Central to the exhibition is
The Architecture of Silence, a series rooted in the remnants of Italy’s postwar land reform initiative. Scattered across the agricultural regions of Basilicata and Puglia, concrete farmhouses and infrastructure stand isolated in fields now shaped by machines rather than families. Seidenberg’s images approach these structures with restraint and sensitivity, allowing light, weather, and framing to reveal their fragile dignity. The photographs move beyond documentation, transforming political failure into a visual meditation on displacement, unrealized promises, and the human cost of systemic planning without sustainability.

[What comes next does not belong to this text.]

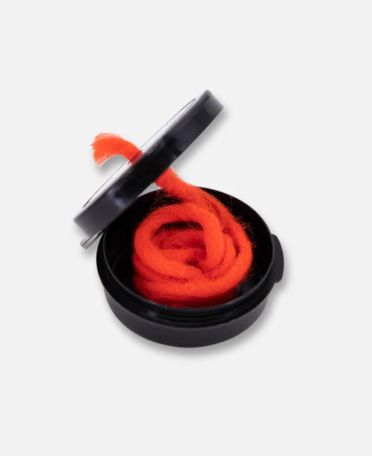Synthetic glo-yarn strike indicator pre-treated with Hydrostop to keep them visible atop the water, floating forever. (30cm 1/8″ diameter)
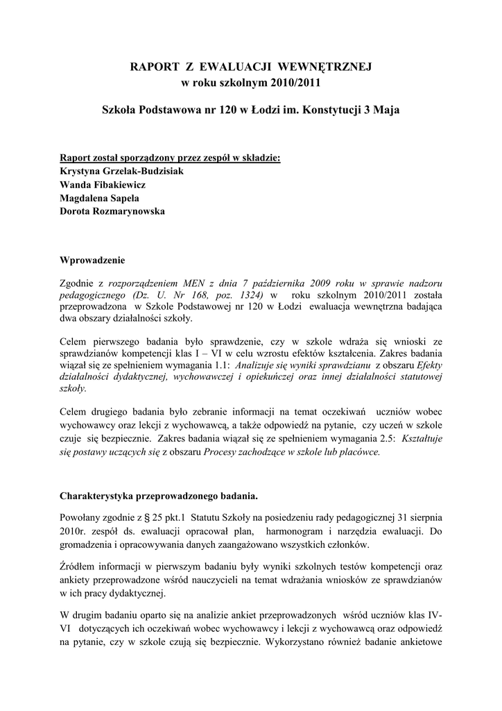 RAPORT Z EWALUACJI WEWNĘTRZNEJ w roku szkolnym 2010/2011 Szkoła Podstawowa nr 120 w Łodzi im. Konstytucji 3 Maja Raport został sporządzony przez zespół w składzie: Krystyna Grzelak-Budzisiak Wanda Fibakiewicz Magdalena Sapela Dorota Rozmarynowska Wprowadzenie Zgodnie z rozporządzeniem MEN z dnia 7 października 2009 roku w sprawie nadzoru pedagogicznego (Dz. U. Nr 168, poz. 1324) w roku szkolnym 2010/2011 została przeprowadzona w Szkole Podstawowej nr 120 w Łodzi ewaluacja wewnętrzna badająca dwa obszary działalności szkoły. Celem pierwszego badania było sprawdzenie, czy w szkole wdraża się wnioski ze sprawdzianów kompetencji klas I – VI w celu wzrostu efektów kształcenia. Zakres badania wiązał się ze spełnieniem wymagania 1.1: Analizuje się wyniki sprawdzianu z obszaru Efekty działalności dydaktycznej, wychowawczej i opiekuńczej oraz innej działalności statutowej szkoły. Celem drugiego badania było zebranie informacji na temat oczekiwań uczniów wobec wychowawcy oraz lekcji z wychowawcą, a także odpowiedź na pytanie, czy uczeń w szkole czuje się bezpiecznie. Zakres badania wiązał się ze spełnieniem wymagania 2.5: Kształtuje się postawy uczących się z obszaru Procesy zachodzące w szkole lub placówce. Charakterystyka przeprowadzonego badania. Powołany zgodnie z § 25 pkt.1 Statutu Szkoły na posiedzeniu rady pedagogicznej 31 sierpnia 2010r. zespół ds. ewaluacji opracował plan, harmonogram i narzędzia ewaluacji. Do gromadzenia i opracowywania danych zaangażowano wszystkich członków. Źródłem informacji w pierwszym badaniu były wyniki szkolnych testów kompetencji oraz ankiety przeprowadzone wśród nauczycieli na temat wdrażania wniosków ze sprawdzianów w ich pracy dydaktycznej. W drugim badaniu oparto się na analizie ankiet przeprowadzonych wśród uczniów klas IVVI dotyczących ich oczekiwań wobec wychowawcy i lekcji z wychowawcą oraz odpowiedź na pytanie, czy w szkole czują się bezpiecznie. Wykorzystano również badanie ankietowe przeprowadzone wśród rodziców uczniów klas I – VI, którego celem było zdiagnozowanie problemów dotyczących przemocy w szkole. Przeprowadzono także analizę dokumentacji szkoły dotyczącą planów wychowawczych w poszczególnych klasach. Na podstawie zebranych informacji został opracowany raport całościowy, który włączono do dokumentacji szkoły. Wyniki ewaluacji zostały upowszechnione radzie pedagogicznej oraz rodzicom i uczniom poprzez stronę internetową szkoły. Analiza wyników badania wykorzystania wniosków ze sprawdzianów kompetencji przeprowadzonych w klasach I-VI w celu wzrostu efektów kształcenia W poszukiwaniu odpowiedzi na pytanie kluczowe: „Czy nauczyciele wdrażają w pracy dydaktycznej wnioski z przeprowadzonych sprawdzianów kompetencji?” została przeprowadzona dokładna analiza wyników testów kompetencji pisanych przez uczniów w bieżącym roku szkolnym według opracowanego harmonogramu. W wyniku analizy sprawdzianu kompetencji klas pierwszych sformułowano następujące wnioski: 1. W zakresie edukacji polonistycznej uczniowie najlepiej poradzili sobie z zadaniem dotyczącym ustalenia liczby sylab, liter i głosek w wyrazach. Nie mieli także dużych problemów z uporządkowaniem nazw ludzi, zwierząt, roślin i rzeczy, problemy sprawiało im układanie zdań z rozsypanki wyrazowej. 2. Pierwszoklasiści najlepiej opanowali umiejętności w zakresie edukacji matematycznej. Bardzo dobrze poradzili sobie z dodawaniem i odejmowaniem w zakresie 10 ,mierzeniem odcinków z użyciem linijki , porównywaniem liczb w zakresie 10. Niewiele gorzej z dopełnianiem do 10. 3. Przeprowadzone badanie wykazało wysoki poziom opanowania wiadomości w zakresie edukacji przyrodniczej. W wyniku analizy sprawdzianu kompetencji klas drugich sformułowano następujące wnioski: 1. Uczniowie dobrze poradzili sobie w części humanistycznej z rozwiązaniem zadań dotyczących czytania ze zrozumieniem, z wykorzystaniem wiedzy w praktyce, z pisaniem tekstu na zadany temat oraz porządkowaniem zdań we właściwej kolejności wydarzeń; popełnili tylko nieliczne błędy. 2. W kilku przypadkach pojawił się problem ze wskazaniem źródła informacji oraz dotyczący odczytywania informacji z tekstu. 3. Niewielki problem mieli uczniowie z zastosowaniem właściwych wyrazów w odpowiedniej formie. 4. Najsłabiej wypadło zadanie dotyczące ułożenia zdania z rozsypanki wyrazowej oraz zastosowania właściwych wyrazów w odpowiedniej formie. 5. W części matematyczno – przyrodniczej najlepiej rozwiązano zadania, które dotyczyły rozumowania oraz korzystania z informacji.. 6. Najsłabiej w obu klasach wypadło zadanie dotyczące wykorzystania wiedzy w praktyce, gdyż uczniowie popełnili błędy rachunkowe. 7. Pojawiały się też problemy w zadaniu, gdzie należało obliczyć czas na zegarze. W klasach trzecich przeprowadzone zostały dwa sprawdziany kompetencji: jeden przygotowany i opracowany przez wychowawców, drugi przeprowadzony w maju. Było to Ogólnopolskie Badanie Umiejętności Trzecioklasistów OBUT 2011. W wyniku analizy przeprowadzonych badań sformułowano następujące wnioski: 1. Uczniowie najlepiej radzą sobie z czytaniem ze zrozumieniem , w większości udzielają poprawnych odpowiedzi. 2. Nie mają problemów z treściami gramatycznymi, potrafią wskazać właściwą część mowy oraz prawidłowo ułożyć zdania ze wskazanymi wyrazami. 3. Potrafią zredagować wskazaną formę wypowiedzi wielozdaniowej poprawnie pod względem znaczeniowym jak i od strony formalnej tekstu. Pojawiają się nieliczne błędy językowe oraz ortograficzne. Uczniowie używają zwrotów i wyrazów, których znaczenie rozumieją oraz są pewni poprawności ortograficznej. 4. Potrafią wykazać się znajomością frazeologizmów oraz rozumieją wieloznaczność wskazanych wyrazów. 5. W zakresie umiejętności matematycznych uczniowie najlepiej radzą sobie z wykonywanie

The exhibition expands outward to other geographies shaped by transience. In Rome, Seidenberg observes the impermanent architecture of a migrant tent city, capturing provisional shelters that speak to resilience under constraint. In
Kanazawa Vacancy, he turns to Japan’s growing landscape of akiya and akichi—vacant homes and empty lots embedded within long-established neighborhoods. These quiet voids interrupt the urban fabric, revealing a city slowly hollowed by demographic change, yet still rich with architectural memory and cultural continuity.
Throughout
Home Truth, Seidenberg’s photographs resist easy narratives of decay or nostalgia. Instead, they ask how space absorbs human movement and how landscapes remember what societies forget. By focusing on structures shaped by absence, the work proposes a slower, more attentive way of seeing—one that acknowledges loss while honoring the subtle beauty found in what remains.